テスラは1月2日に生産台数と納車台数を発表する。
テスラの時価総額は11月の選挙日から12月中旬までに7330億ドル(約115兆円)余り拡大し、1兆5400億ドルのピークに達した。イーロン・マスク最高経営責任者(CEO)がトランプ次期大統領の主要献金者として台頭したことで、同社などマスク氏率いる企業に有利に働くと投資家はみている。しかし年間販売が落ち込めば、考えを改める動きが出る可能性もある。
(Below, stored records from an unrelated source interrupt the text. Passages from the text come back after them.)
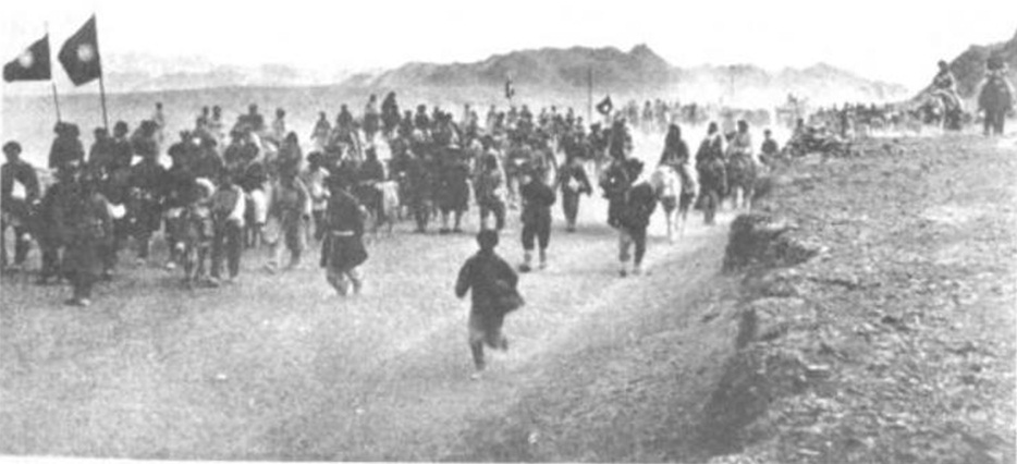 Turkic conscripts of the 36th division near Kumul. The flags they are carrying are Kuomintang Blue Sky with a White Sun flags.
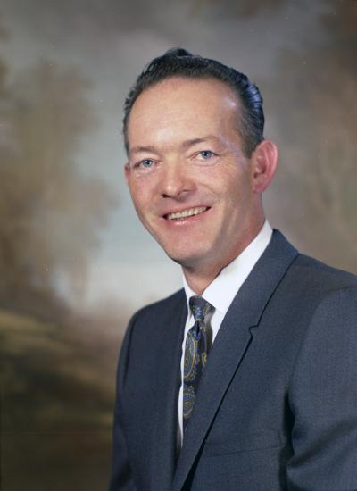 Senator Lowell Peterson, 1967
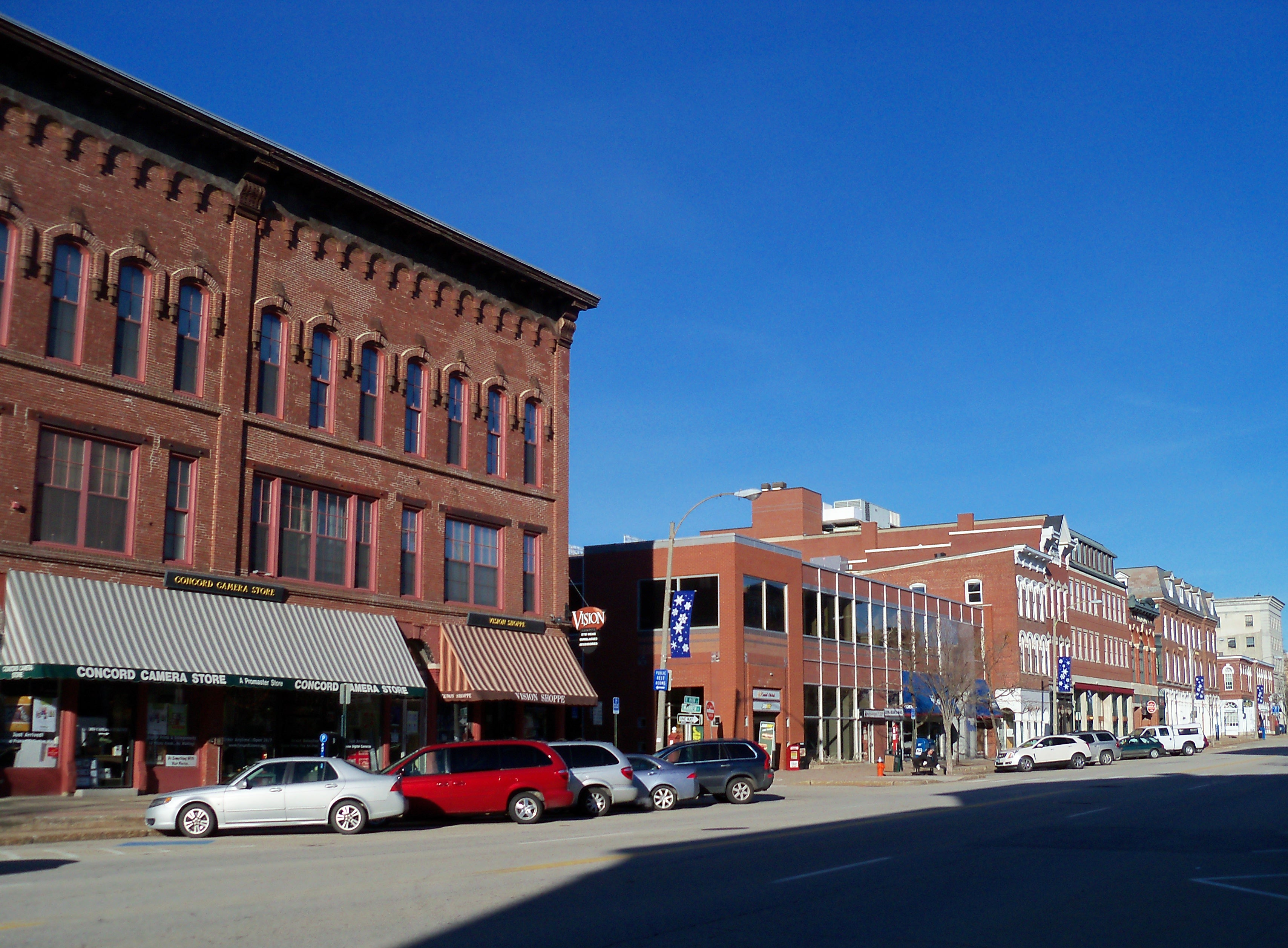 Buildings along Main Street in downtown Concord, New Hampshire, USA.
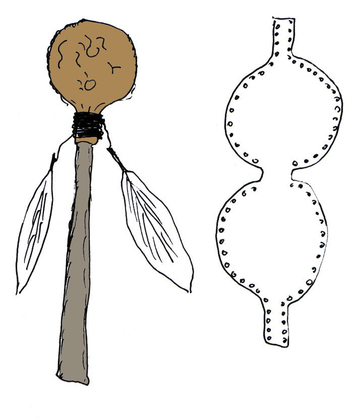 Rattle and base pattern to making
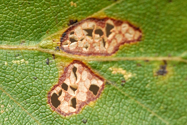 Caloptilia alchimiella from Commanster, Belgian High Ardennes .
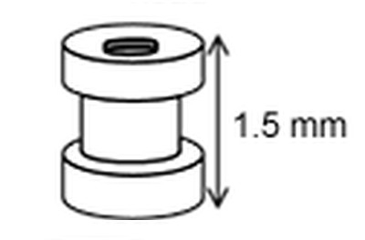 grommet
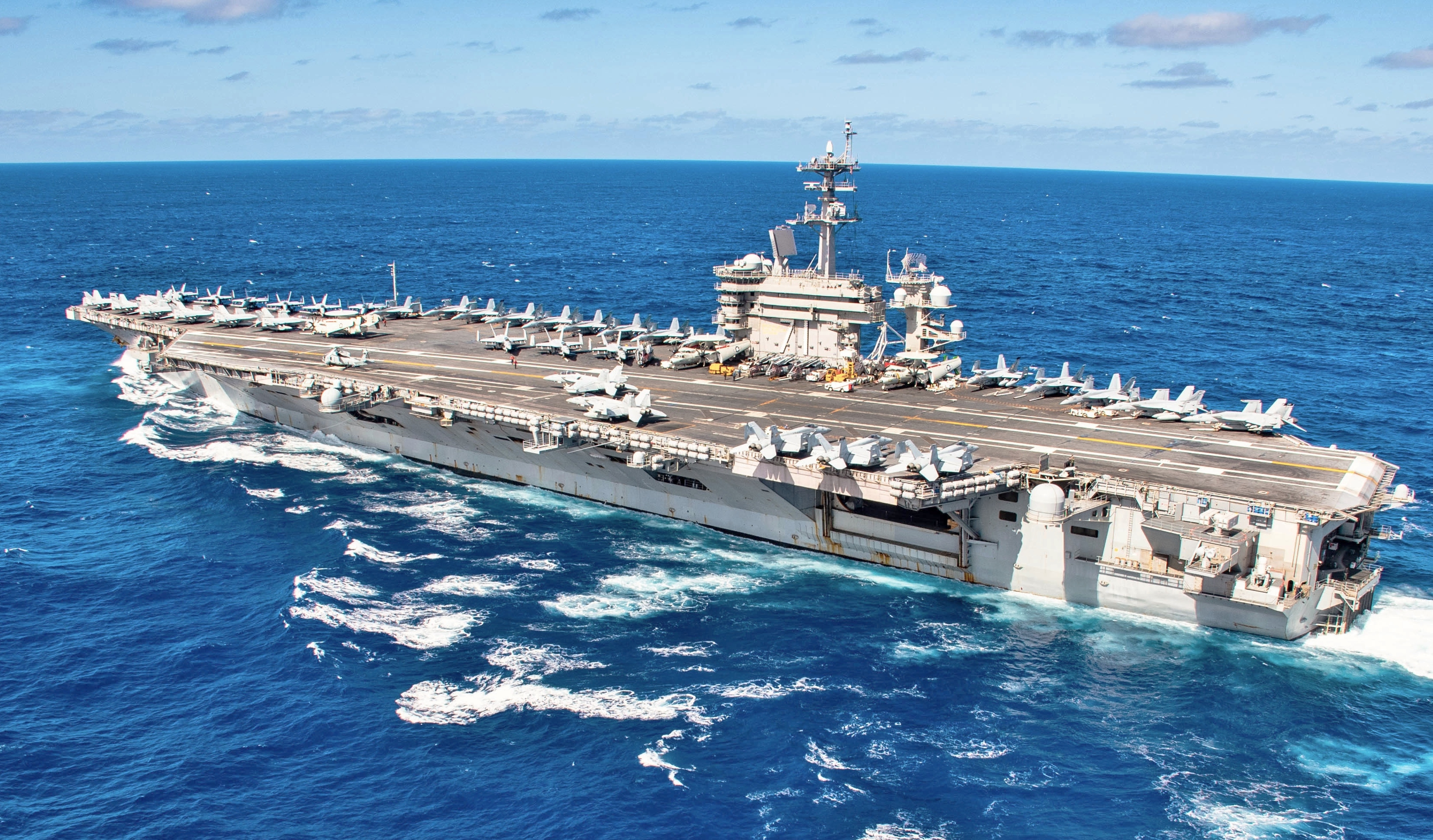 200125-N-KB540-1134 PACIFIC OCEAN (Jan. 25, 2020) The aircraft carrier USS Theodore Roosevelt (CVN 71) transits the Pacific Ocean Jan. 25, 2020. The Theodore Roosevelt Carrier Strike Group is on a scheduled deployment to the Indo-Pacific. (U.S. Navy photo by Mass Communication Specialist Seaman Alexander Williams)
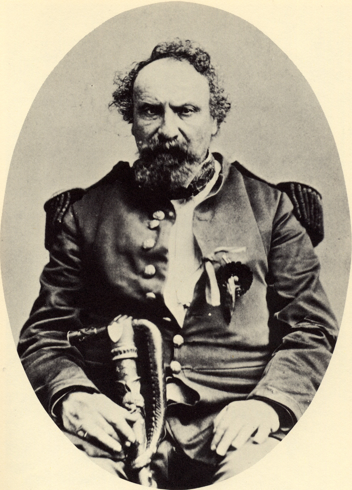 Image of His Imperial Majesty Emperor Norton I, also known as Joshua A Norton.
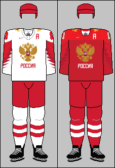 The home and away jerseys of Russia national ice hockey team used from the 2018 IIHF World Championship.
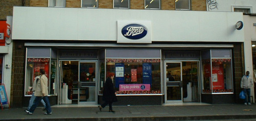 Boots the Chemist shop, Walworth Road, Southwark, South London by C Ford
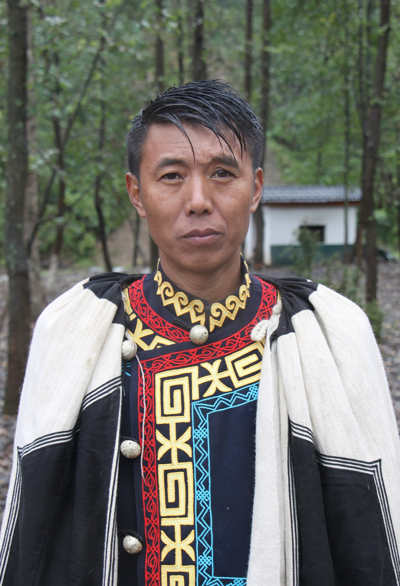 00 Yi minority in traditional
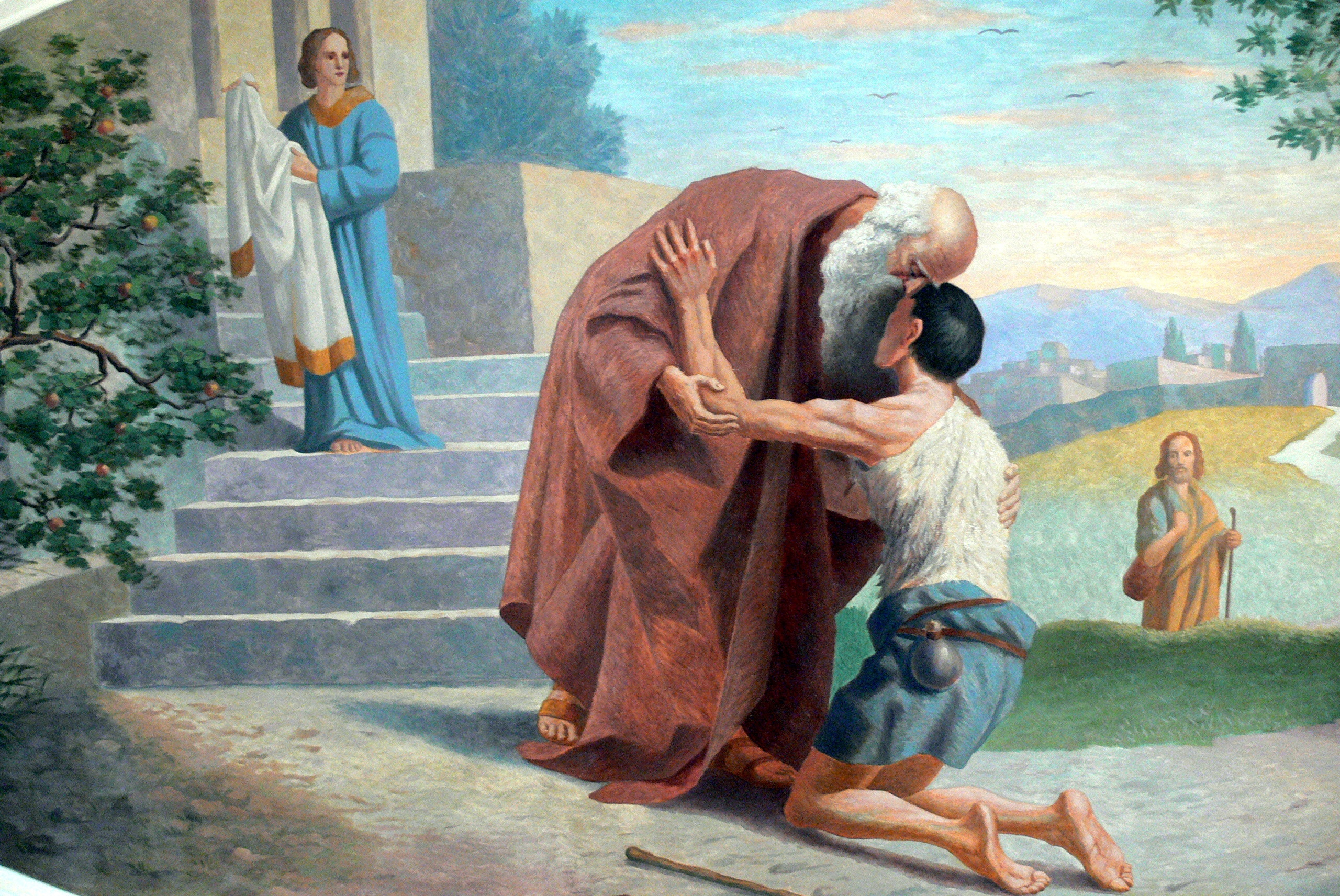 Bezau ( Vorarlberg ). Saint Jodok parish church: Fresco ( 1925 ) showing saint Judoc by Ludwig Glötzle.
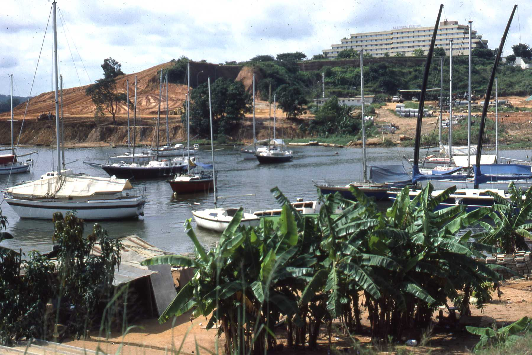 Ébrié Lagoon with fishing boats, in the Hotel Sebroko quarter, Abidjan, Côte d'Ivoire.
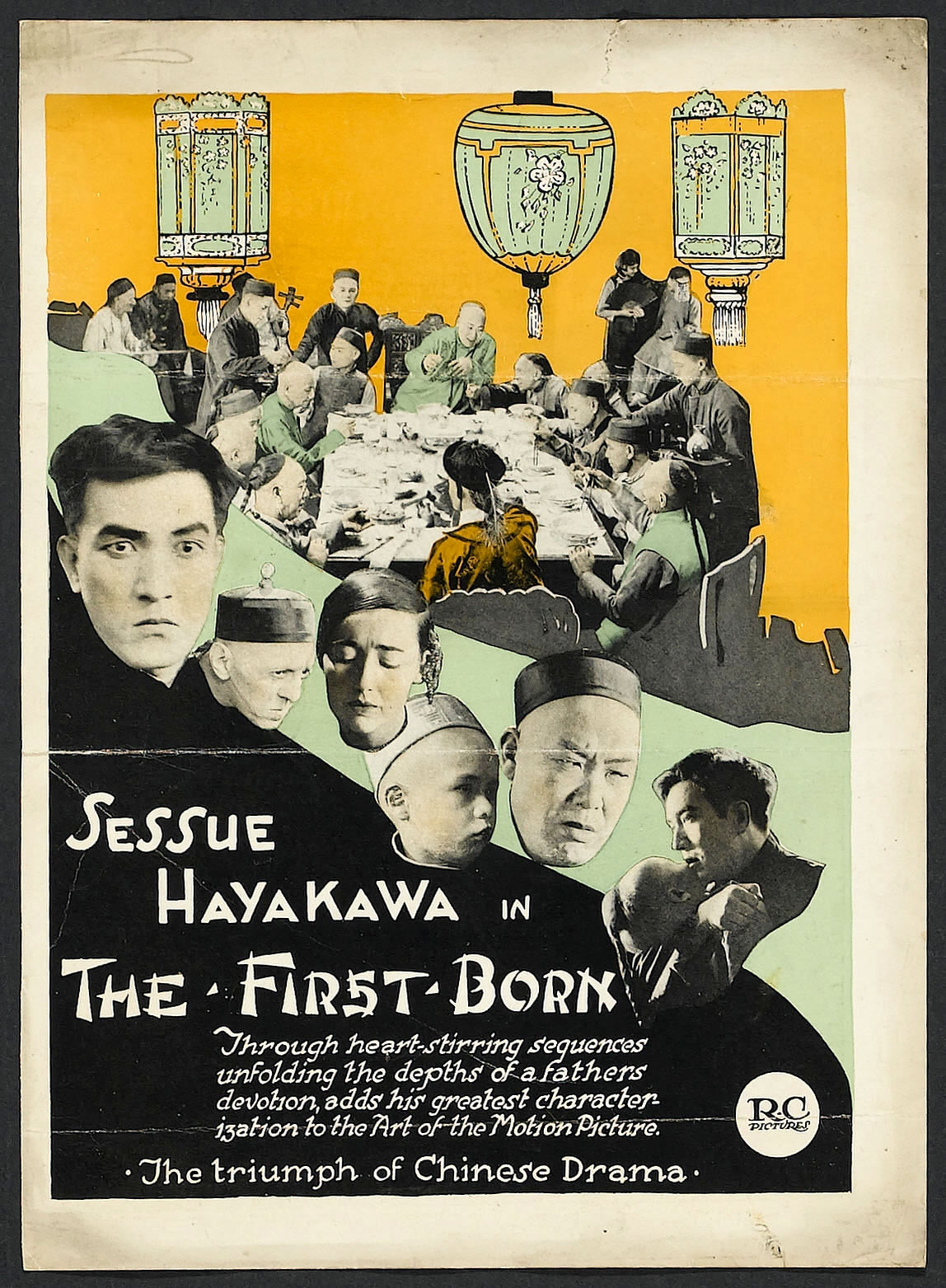 Poster for the American film The First Born (1921) with Sessue Hayakawa.
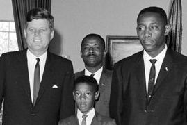 President John F. Kennedy (center) visits with Myrlie Evers (far left), widow of civil rights leader, Medgar Evers. Also pictured: Reena and Darrell Evers, children of Medgar and Myrlie; Charles Evers (far right), brother of Medgar. An unidentified man stands in back at right. Oval Office, White House, Washington, D.C.
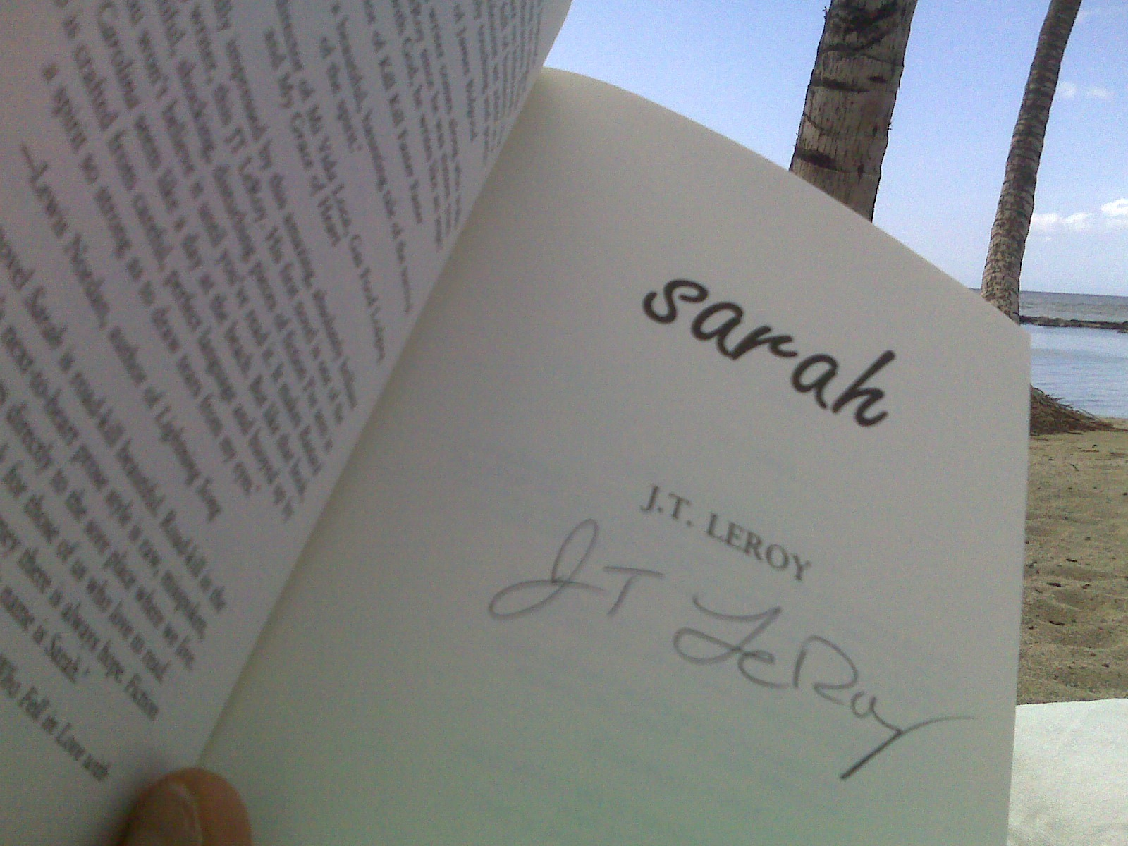 Signed copy of Sarah by JT LeRoy. LeRoy is a pseudonym for Laura Albert. this was percieved as a type of hoax. this signature is definitely a "hoax".
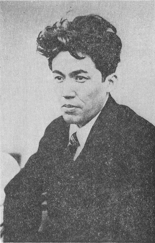 Photograph of Koga Harue

結局のところ、トランプ氏の政策方針はテスラにとってスラムダンクとは言い難いものだ。自動運転車の導入に向けた連邦政府の枠組みは楽観的な材料だが、同社の技術が追い付いているかは定かでない。トランプ氏のアドバイザーらは、EV補助金の削減、およびテスラに著しい収入をもたらしている燃料規制や汚染規制の撤回を提言している。
投資会社ディープウォーター・アセット・マネジメントのマネジングパートナー、ジーン・マンスター氏は、テスラの第4四半期納車台数について、「この数字は全くのワイルドカードだ」と指摘した。マンスター氏は、マスク氏が政治的に左寄りの消費者から距離を置き、EVを購入していないトランプ氏の支持者を受け入れていることに警戒感を抱いている。
マスク氏はこれまで、2025年について明るい見通しを示している。24年7-9月(第3四半期)決算を公表した10月時点で、来年の納車台数は20-30%増える可能性があるとしていた。